La cultura es central en la escenificación de un retorno a un momento original de la nación, que debe ser rescatado de las manos de los inmigrantes o la izquierda.

Viktor Orbán, líder de Fidesz, el partido de ultraderecha que actualmente gobierna Hungría con supermayoría parlamentaria, ha promovido el establecimiento de una red de intelectuales en torno a la Academia Húngara de las Artes (MMA), cuya actividad fomenta una visión conservadora de la cultura nacional. A partir del Programa de Cultura de Fidesz de 2009, se realizaron diversos cambios programáticos y administrativos en la política cultural, que han incluido la asignación discrecional de recursos y cargos y la promoción de los valores nacional-católicos. En 2010, el Ministerio de Cultura fue rebajado a una Secretaría del Ministerio de Recursos Humanos. Desde entonces, mediante una retórica de modernización de las instituciones culturales, se reforzaron particularmente las bibliotecas, museos y casas de cultura tradicionales. Pero otro de los principales instrumentos utilizados en este marco ha sido el patrimonio monumental, como la enorme escultura denominada "Unión Nacional para los húngaros", inaugurada en 2012 en la ciudad de Ópusztaszer, con la presencia del propio Orbán. En su discurso, el primer ministro habló de una nación húngara pura, caracterizada por los lazos de sangre.
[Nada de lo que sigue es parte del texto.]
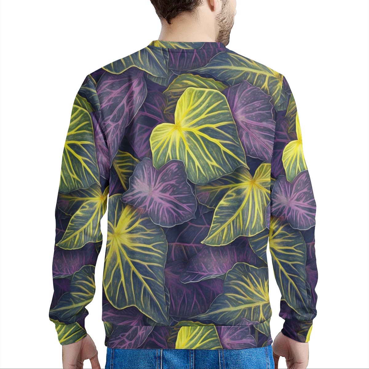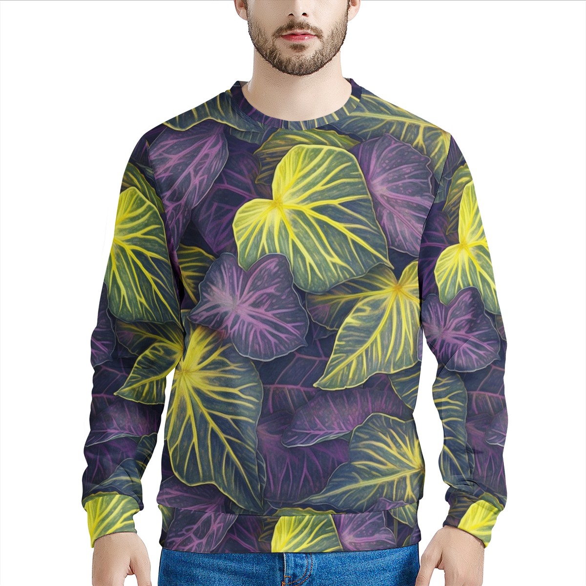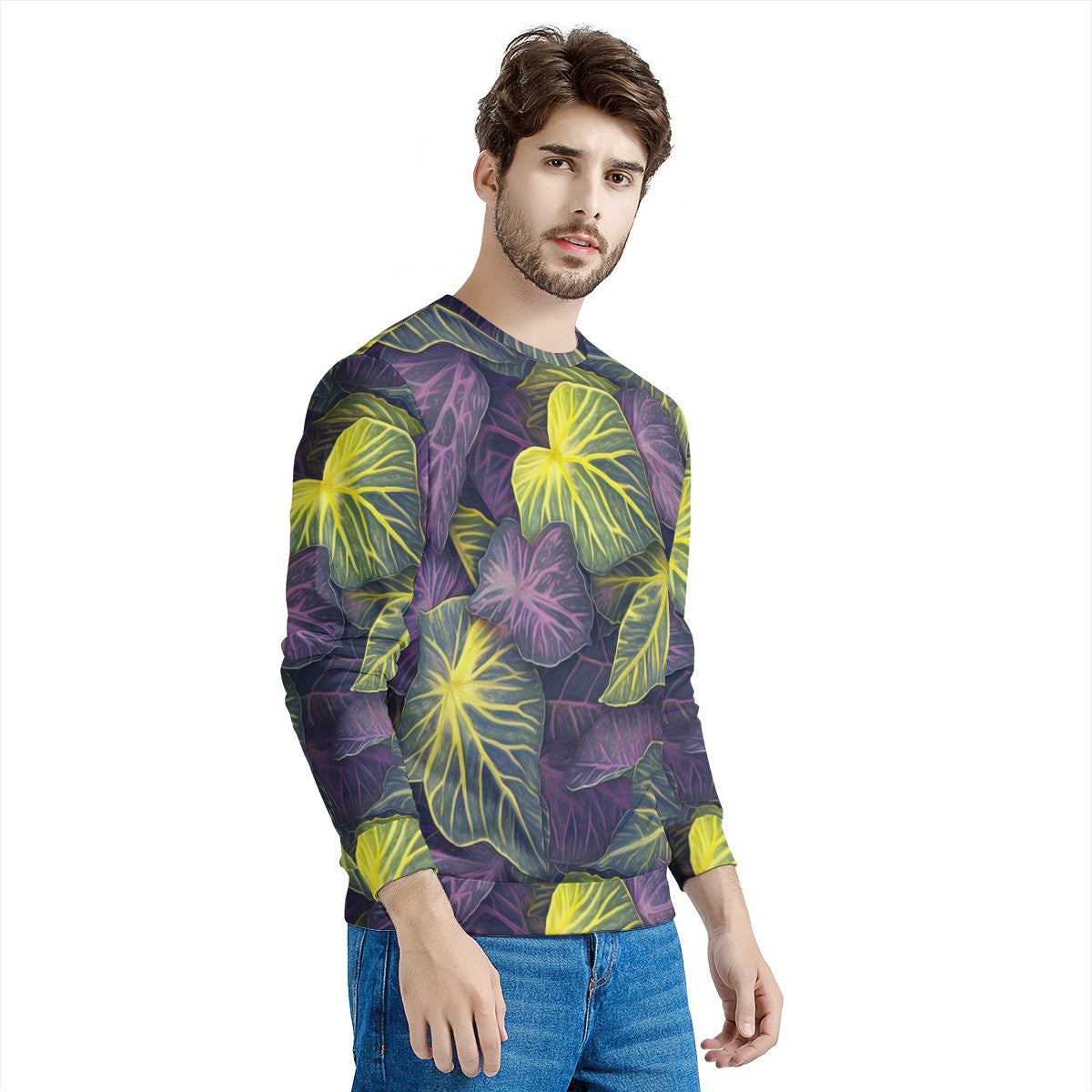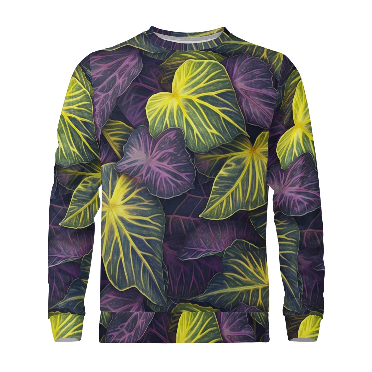Luxtrini Iridescent Syngonium: Purple and Yellow Men's All Over Print Sweater
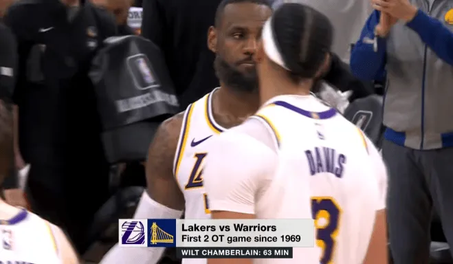 本場(chǎng)比賽,湖勇鏖戰雙加時(shí),是自1969年以來(lái),湖人勇士雙方首次戰至雙加時(shí)。
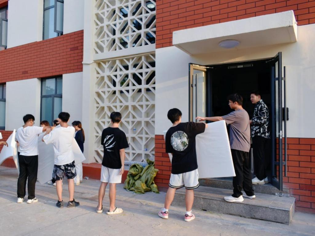 工作筹备阶段,学院团委召开专题会议,明确任务分工与流程安排,安排专人对卧具数量进行逐一清点,并全面巡查宿舍设施安全状况,切实做到责任到人、保障到位。在搬运过程中,师生协作有序、配合紧密,分别承担物资清点、搬运分发、床位整理及环境清洁等多项任务,实现了从卧具核验到最终安置的全流程无缝衔接,确保了整体工作的效率与精准性。
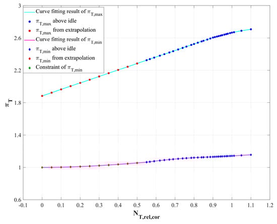 Step 1: Fit the curves of the maximum and minimum pressure ratios above idle as a function of the relative corrected speed. The fitting relationships are given by Equations (37) and (38), and the maximum and minimum pressure ratios below idle are extrapolated from the fitting results.
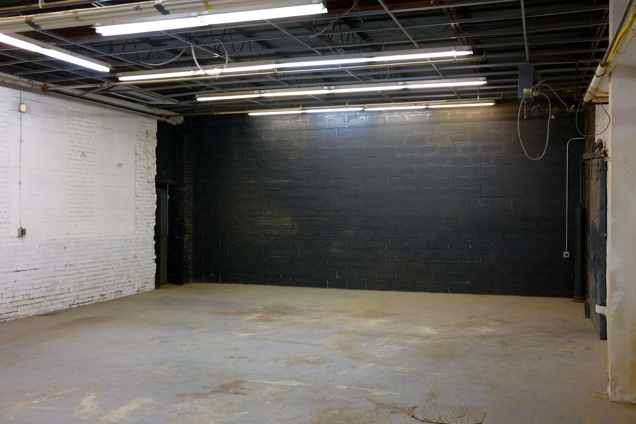 Ground-floor space with drive-in access directly onto Tutt Street. With concrete floors and high ceilings, it’s ideal for storage, light production, or as companion space to Stephenson Hall.
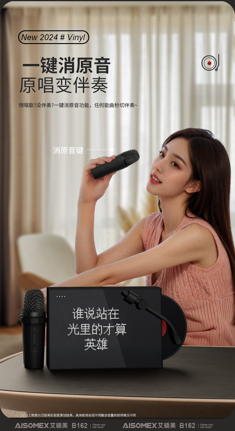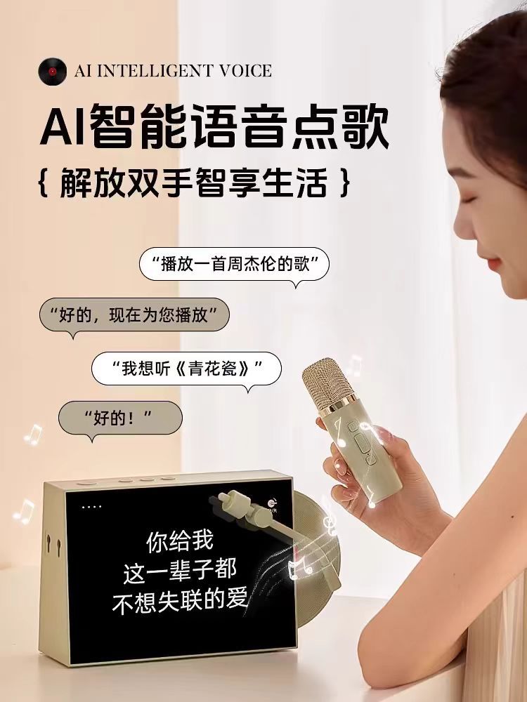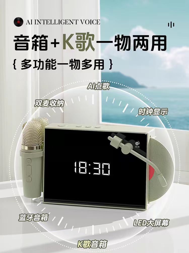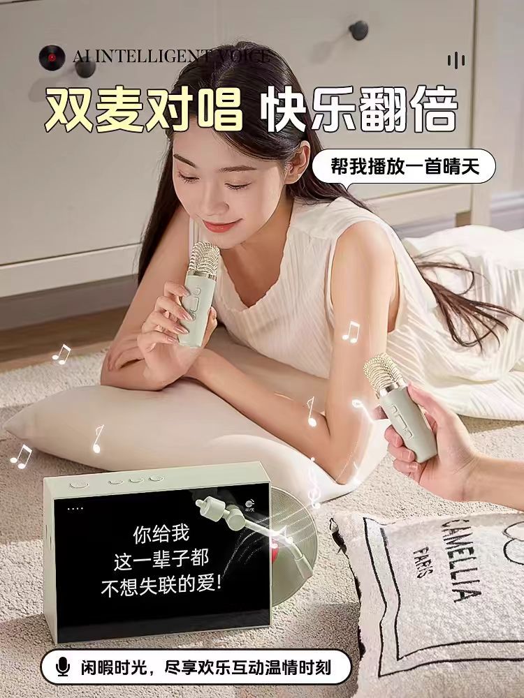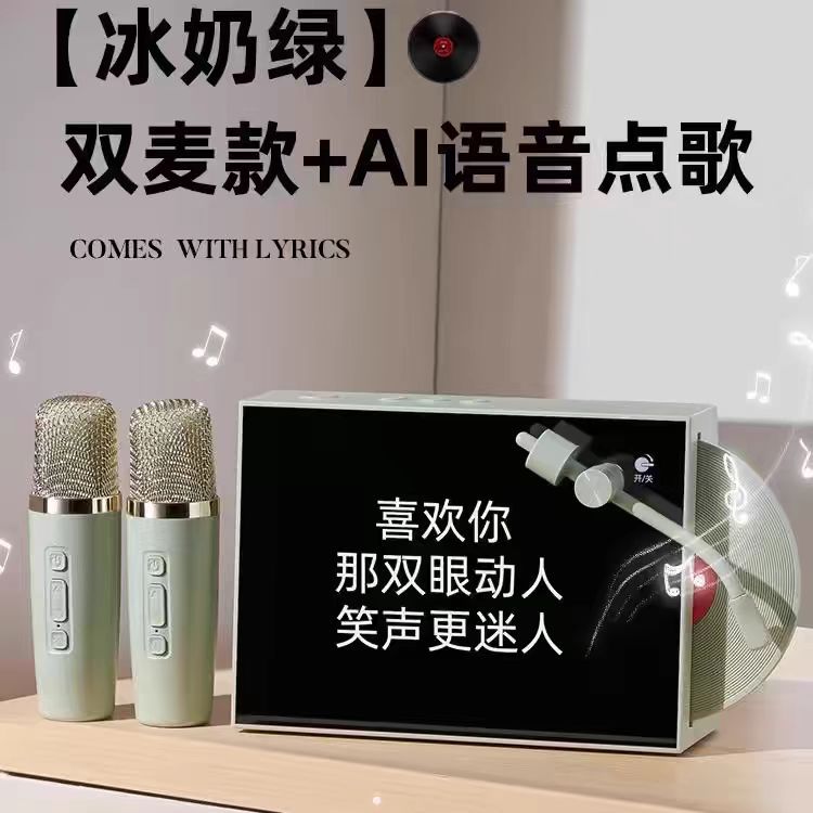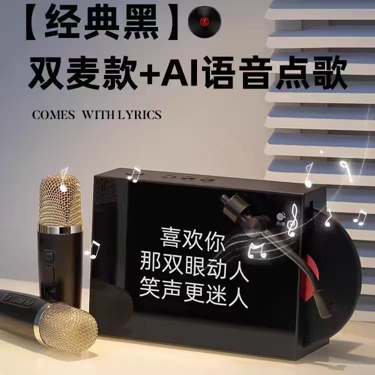 Nuevo disco retro con letras, altavoz inalámbrico Bluetooth, píxeles interactivos, pantalla grande K-canción con micrófono de sonido
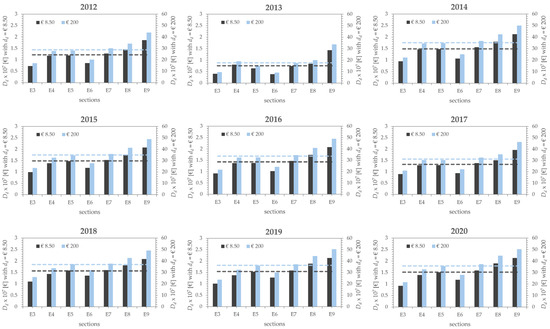 - Damage costs Dd,sec,year or replacement costs Dr,sec,year per year (EUR/a).
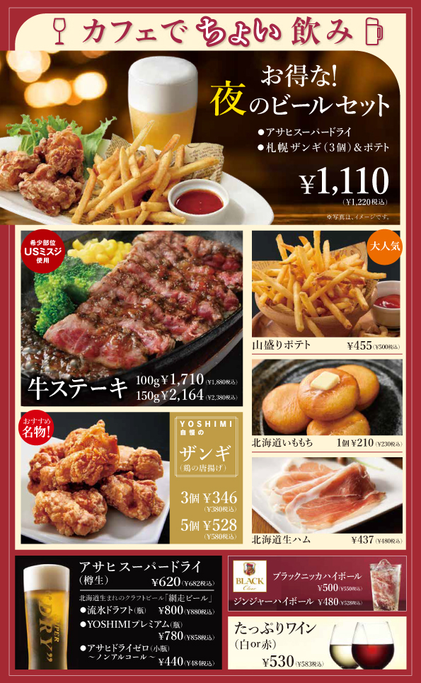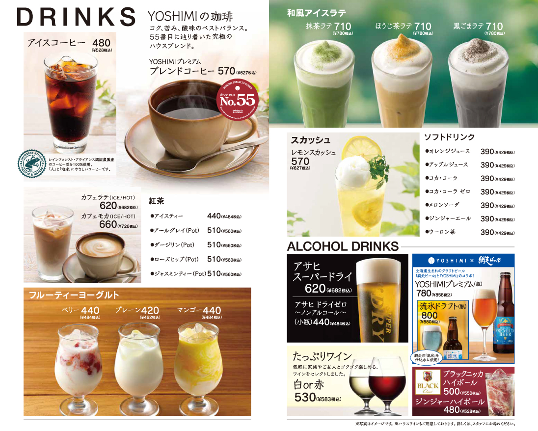 ドリンクメニューなどYOSHIMIを代表する料理を
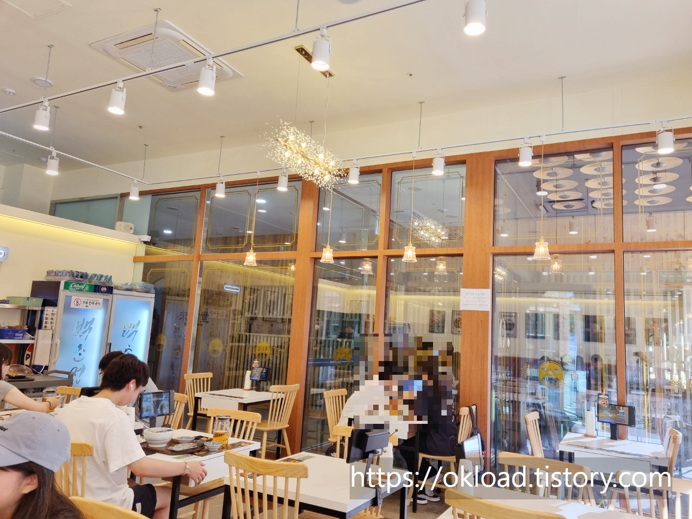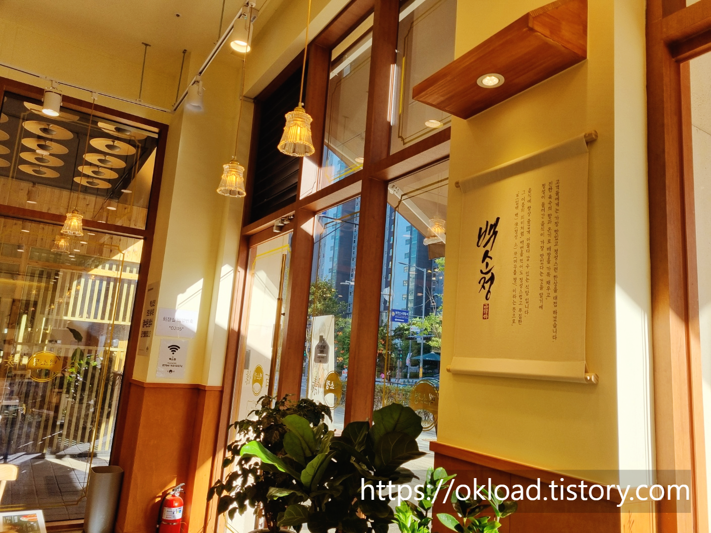 화이트와 우드를 주로 사용한 백소정 식당 내부 콘셉트이다.
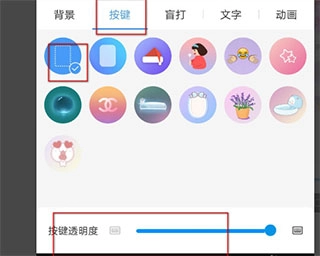 4、挑选心仪的背景后,设置其他选项。例如,按键方面,可设定一个自己较为喜欢的按钮,接着设置透明度。
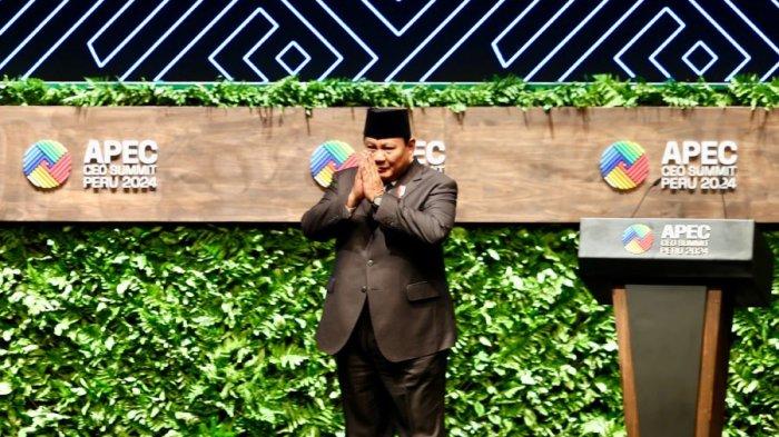 TRIBUNNEWS.COM, JAKARTA - Presiden Prabowo Subianto menyampaikan pidato utama dalam acara APEC CEO Summit di National Grand Theater Peru, pada Kamis, (14/11/2024).
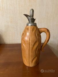 Il corpo del thermos è in legno sapientemente intagliato con un motivo a foglie o a nocciola, che gli conferisce un fascino unico.

Por su parte, el Gobierno liderado por la ultraderecha polaca Ley y Justicia, también reformó sus políticas culturales. Tanto el periodo 2005-2007 de Gobierno, conducido por el ministro conservador Kazimierz Michal Ujazdowski, como la gestión actual, presentan similitudes con la gestión húngara. El Gobierno amplió el apoyo público al sector cultural, estableció nuevos museos e instituciones (incluido el Museo de Historia de Polonia en Varsovia) y defendió la promoción de los valores y la moral católicos a través de las políticas culturales. Mientras el sector patrimonial fue clave en este desarrollo, el apoyo a las artes ocupó una parte más limitada de la actividad del Ministerio. De hecho, se ha observado cómo las políticas culturales se han visto atravesadas por escándalos en torno al arte contemporáneo, particularmente en exposiciones y obras considerados como opuestas a la moral católica. Por ejemplo, en 2015, menos de un mes después de que Ley y Justicia llegase por segunda vez al poder, el ministro de Cultura Piotr Glinski instó a cancelar Der Tod und das Mädchen (La muerte y la doncella), mediante una carta oficial dirigida al gobernador de Baja Silesia. Se trata de una obra teatral escrita por la ganadora del Premio Nobel Elfriede Jelinek, que iba a ser presentada en el Teatro Polaco de Varsovia. "La pornografía dura no debe ser subvencionada por el Estado", declaró Glinski.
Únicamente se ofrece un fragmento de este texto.